A memory chip is an integrated circuit made out of millions of capacitors and transistors that can store data or can be used to process code. Memory chips can hold memory either temporarily through random access memory (RAM), or permanently through read only memory (ROM). Read only memory contains permanently stored data that a processor can read but cannot modify. Memory chips comes in different sizes and shapes. Some can be connected directly while some need special drives. Memory chips are essential components in computer and electronic devices in which memory storage plays a key role.
Dynamic random access memory (DRAM) chips: Also known as volatile memory chips because they lose memory once the power supply is removed. DRAM can only transmit a single line of memory and needs to be constantly refreshed to prevent the loss of memory bits.
Static random access memory (SRAM) chips: Non-volatile chips that are commonly used in portable battery-powered devices. Unlike DRAM, they do not need to be refreshed and do not immediately lose memory when the power source is disconnected.

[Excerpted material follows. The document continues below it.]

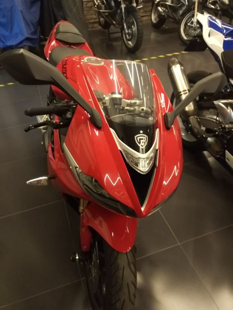Разные неприятные события со мной происходили в этом году с самого его начала, только к концу августа все боль-менее устаканилось, так что решил я вернуться к своему привычному образу жизни и времяпровождению. Решил опять купить себе мотоцикл. Литр мне не очень нужен, да и дорого слишком. Хотел брать Спид Трипл 1050 в Москве, но чето душа у меня не лежит к зедоподобным мотикам, да и не для продубасов они всё-таки: руль, посадка, расположение органов управления - все это не то, что мне надо. И еще очень лень куда-то ехать за мотиком... ОЧЕНЬ. ЛЕНЬ. Прошли давным-давно те времена, когда я готов был на подобные подвиги. Дайтона у меня уже была и зарекомендовала себя с самой лучшей стороны (за исключением возрастных болячек, подробнее здесь: http://www.aprilia-club.ru/forum/27-3025-1 ), поэтому особо не колебался при выборе следующего пациента - тоже Дайтона, тоже красная, но третьего поколения, уже со всеми устраненными (надеюсь...) производителем болячками, с пробегом 7676 кэмэ, 2013 года выпуска. Куплен мной в салоне пару часов назад. Мапед дилерский, эксплуатация с 2015 года, бывший владелец все больше по командировкам, поэтому такой смехотворный пробег. Цена тоже весьма вменяемая. Вот такой аппарат:

First in, first out (FIFO) memory chips: Mainly used when memory is being transferred between different types of devices.
Erasable programmable read only memory (EPROM): The memory in these chips can be erased when exposed to ultraviolet rays. These chips can then be reprogrammed for a new set of data values.
Programmable read only memory (PROM) memory: Differs from other programmable memory chips as they can only be programmed once.The contents cannot be erased electronically or though ultraviolet rays.